Southeast Asia urged to halt repeat of ‘boat people’ tragedy
Southeast Asian countries were urged to treat migrants landing on their shores humanely and avoid a repeat of this year’s disaster in which hundreds of refugees were either lost at sea or died in jungle camps.
The International Organization for Migration (IOM) called for “full cooperation” this week from governments attending a Bangkok meeting in May aimed at tackling the region’s annual migrant crisis as European countries struggle to cope with refugees fleeing war in Syria and Iraq.
Southeast Asian nations agreed to help vulnerable “boat people” stranded at sea following last year’s crisis that saw more than 4,000 migrants land in Indonesia, Malaysia, Thailand, Myanmar and Bangladesh following a Thai crackdown on people-smuggling gangs.
Some were trapped on boats in the Bay of Bengal and Andaman sea. Hundreds drowned.
October and November mark the start of the four-month “sailing season”, the busiest time for smuggling and trafficking ships plying the Bay of Bengal.

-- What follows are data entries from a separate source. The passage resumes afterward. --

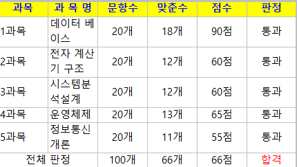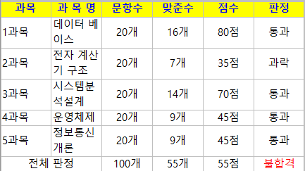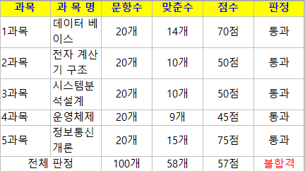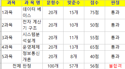 처음에는 불합격만 하다가 풀다보니까 1과목 점수는 확실히 올라갔습니다.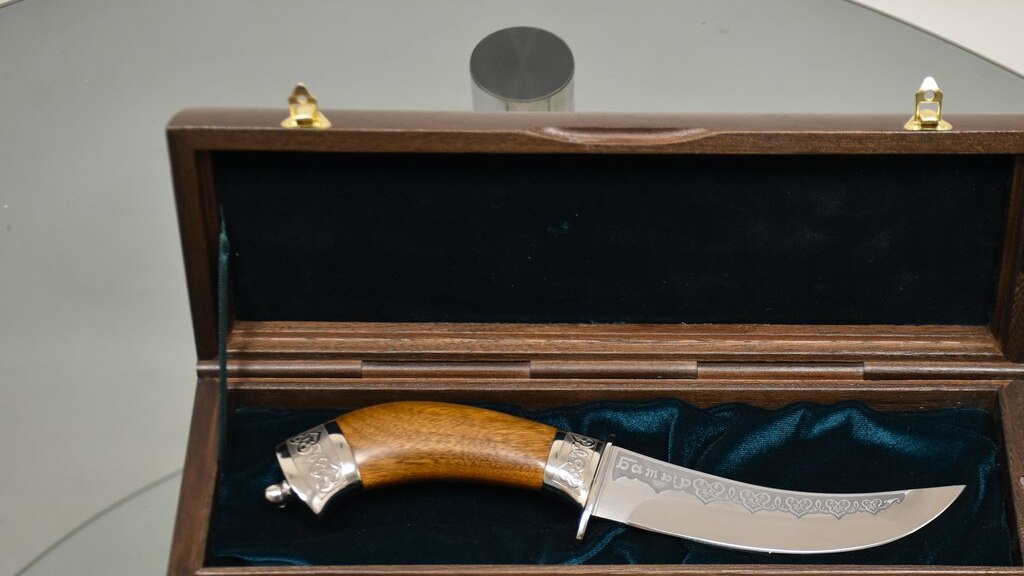 «Батыр» относится к категории разделочных ножей. Он не является холодным оружием и не требует разрешения на приобретение и хранение. Поэтому нож станет великолепным подарком - особенно если преподнести его в музыкальной шкатулке. Деревянные ларцы из вяза изготавливают в Бирске. Музыкальное сопровождение может быть любым - по желанию заказчика.
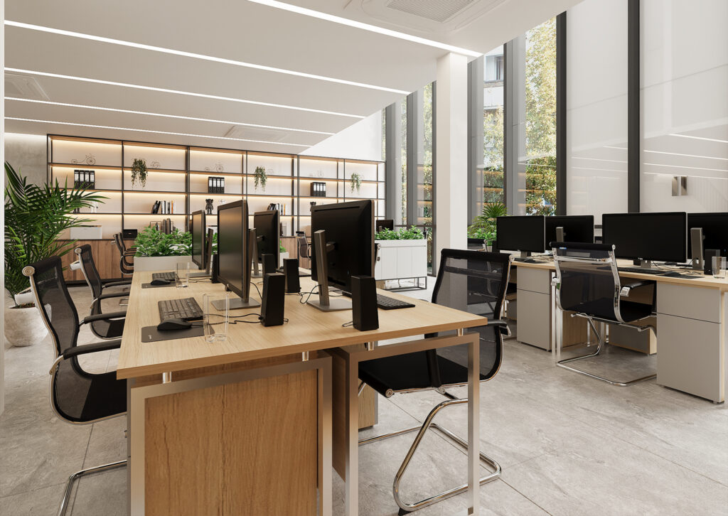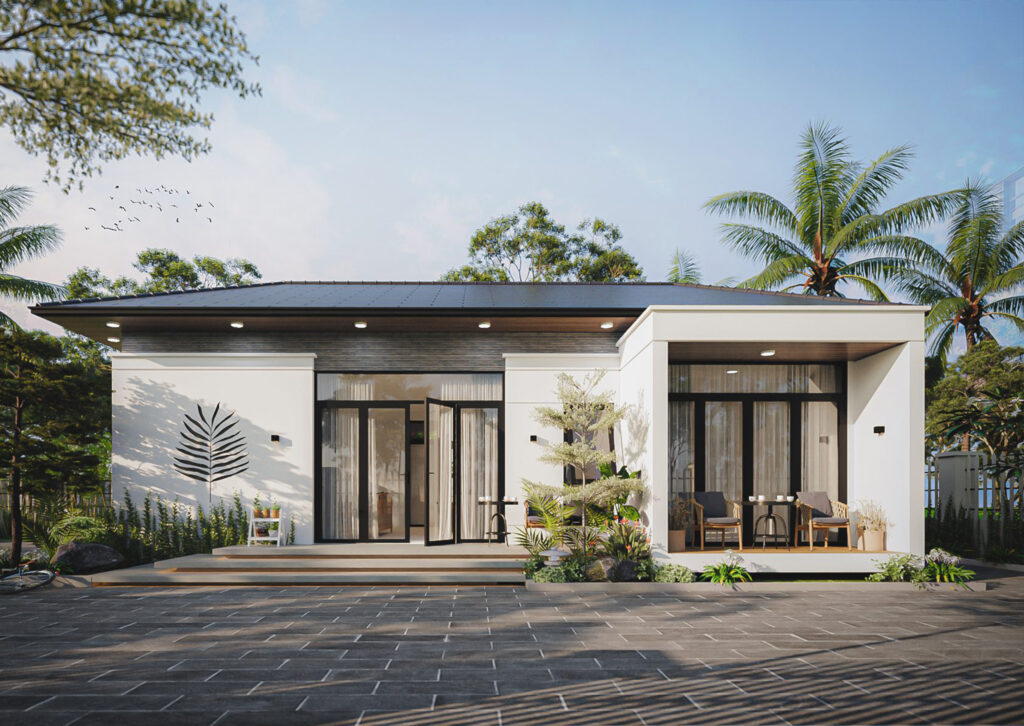 Một biệt thự hiện đại rộng rãi với cửa sổ kính lớn và cảnh quan tươi tốt.

“We are still calling for safe disembarkation and humanitarian treatment – shelter, hydration, medical care and safety from the elements and criminality – and full cooperation from all actors, from the international community, that lives are not lost,” Joe Lowry, the IOM’s spokesman in Asia-Pacific, said.
Thousands of migrants have fled persecution and poverty in Myanmar and Bangladesh. Many of them are members of Myanmar’s Rohingya Muslim minority who live in apartheid-like conditions in the country’s Rakhine state, paying smugglers to board rickety boats to sail across to Malaysia.
Some ended up in the hands of traffickers and were held near Thailand’s border with Malaysia in often brutal and filthy conditions for months or even years until they could pay a ransom for their release.
A clamp-down by Thai police on human trafficking gangs triggered the regional crisis earlier this year. It followed the discovery in May of 30 bodies in graves near the Thai-Malaysian border, which sparked international outcry.
Thailand has charged 88 people suspected of involvement in human trafficking since launching the investigation into gangs but scores more are on the run.
In a Thai foreign affairs ministry letter to international organizations dated Nov. 23, the ministry said a migration meeting will be held on Friday on “Thailand’s proactive step to preempt any possible recurrence of humanitarian crises of May 2015”.
Thailand’s Interpol director, police Major General Apichart Suribunya, said ships were bypassing Thailand and heading directly to Malaysia following the Thai crackdown.
“Malaysia is having a headache,” he said.
Since late September, when monsoon conditions began to subside, several boats have smuggled a total of about 1,000 passengers across the Bay of Bengal, according to the UN refugee agency and the migration-tracking group Arakan Project.
Lowry of IOM said migration patterns had changed.
“The obvious thing is people go directly to Malaysia which cuts out potential for profit for smugglers,” he said.